As we see that the show posts has more average receive points, that maybe be more sense becouse the beginners search and read more before asking.

__Determine if posts created at a certain time are more likely to receive more points.__

In [25]:
result = []
counts_by_hour = {}
points_by_hour = {}

for post in show_posts:
    created_at = post[6]
    num_points = int(post[3])
    
    #Extract the hour from the date, which is the first element of the row
    date = dt.datetime.strptime(created_at, "%m/%d/%Y %H:%M")
    hour = dt.datetime.strftime(date, "%H")
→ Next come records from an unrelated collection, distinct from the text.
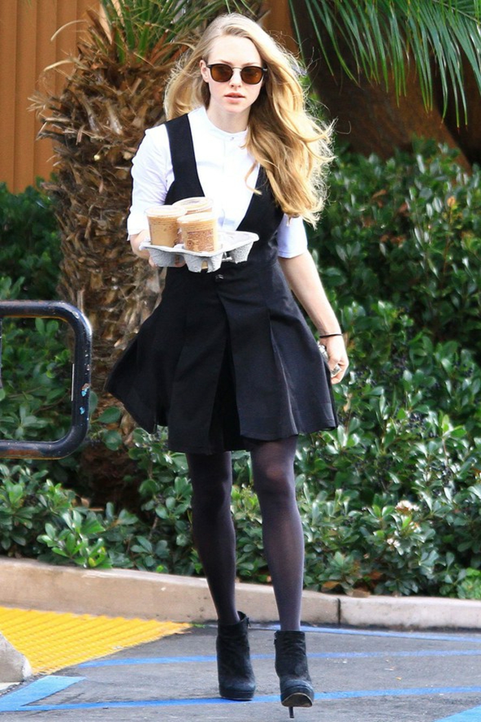 La solution ? Une chasuble noire ou gris anthracite, coupée dans une belle flanelle de laine, portée sur une chemise en soie blanche et avec des escarpins ou des mocassins. Des marques comme COS ou Theory proposent des modèles parfaits pour cet usage.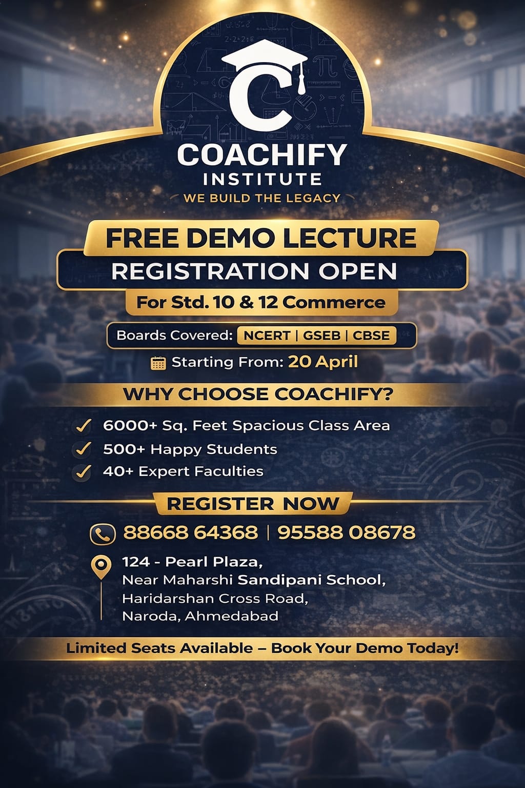3 Coachify Institute provides expert coaching for students from Class 7 to 12 in Science and Commerce streams, covering both CBSE and GSEB (Gujarat Board) curricula.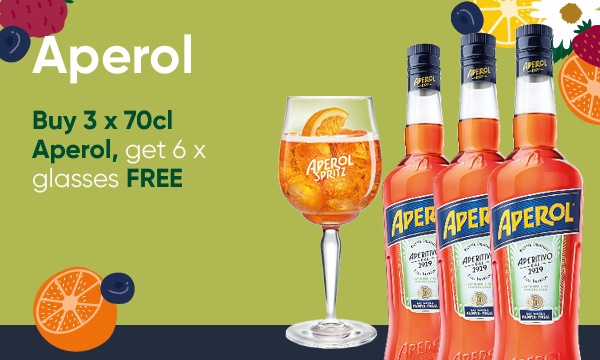 Aperol Buy 3 x 70cl Aperol, get 6 x glasses FREE

    if hour not in counts_by_hour:
        counts_by_hour[hour] = 1
        points_by_hour[hour] = num_points
    else:
        counts_by_hour[hour] += 1
        points_by_hour[hour] += num_points

In [26]:
avg_hour = []
for points in points_by_hour:
    avg_hour.append([points,points_by_hour[points] / counts_by_hour[points]])
print(avg_hour)

[['14', 25.430232558139537], ['22', 40.34782608695652], ['18', 36.31147540983606], ['07', 19.0], ['20', 30.316666666666666], ['05', 5.473684210526316], ['16', 28.322580645161292], ['19', 30.945454545454545], ['15', 28.564102564102566], ['03', 25.14814814814815], ['17', 27.107526881720432], ['06', 23.4375], ['02', 11.333333333333334], ['13', 24.626262626262626], ['08', 15.264705882352942], ['21', 18.425531914893618], ['04', 14.846153846153847], ['11', 33.63636363636363], ['12', 41.68852459016394], ['23', 42.388888888888886], ['09', 18.433333333333334], ['01', 25.0], ['10', 18.916666666666668], ['00', 37.83870967741935]]


And becouse the result its hard to read going to format it more easy.

In [27]:
swap_avg_hour = []
for row in avg_hour:
    swap_avg_hour.append([row[1], row[0]])
    
    

sorted_swap = sorted(swap_avg_hour, reverse = True)
print(sorted_swap[0:4],"\n")

print("Average comments per post: \n")

#formating results display.

for avg, hr in sorted_swap[:5]:
    print(
        "{}: {:.2f} average points per post".format(
            dt.datetime.strptime(hr, "%H").strftime("%H:%M"),avg
        )
    )

[[42.388888888888886, '23'], [41.68852459016394, '12'], [40.34782608695652, '22'], [37.83870967741935, '00']] 

Average comments per post: 

23:00: 42.39 average points per post
12:00: 41.69 average points per post
22:00: 40.35 average points per post
00:00: 37.84 average points per post
18:00: 36.31 average points per post


By compare our results to the average number of comments and points other posts receive at 23:00: 42.39 average points per post has more receive points on the show posts but at 15:00: 38.59 average comments per post on the Ask posts

## Conclusion:

During the analisis the ask posts receive more comments by the average 14 rather than show posts 10 comments on an average. also found that the number of comments per post can vary by the time when the post was submitted.For example at 15:00 there was an average of 38 comments per post where at 21:00 only 16 comments, As for the show posts receive more points by the average 27.55 rather than ask posts 15.06 points on an average and also the number of points per posts can vary by the time and it be have more reach at 23:00 there was an average of 42.39 points per post.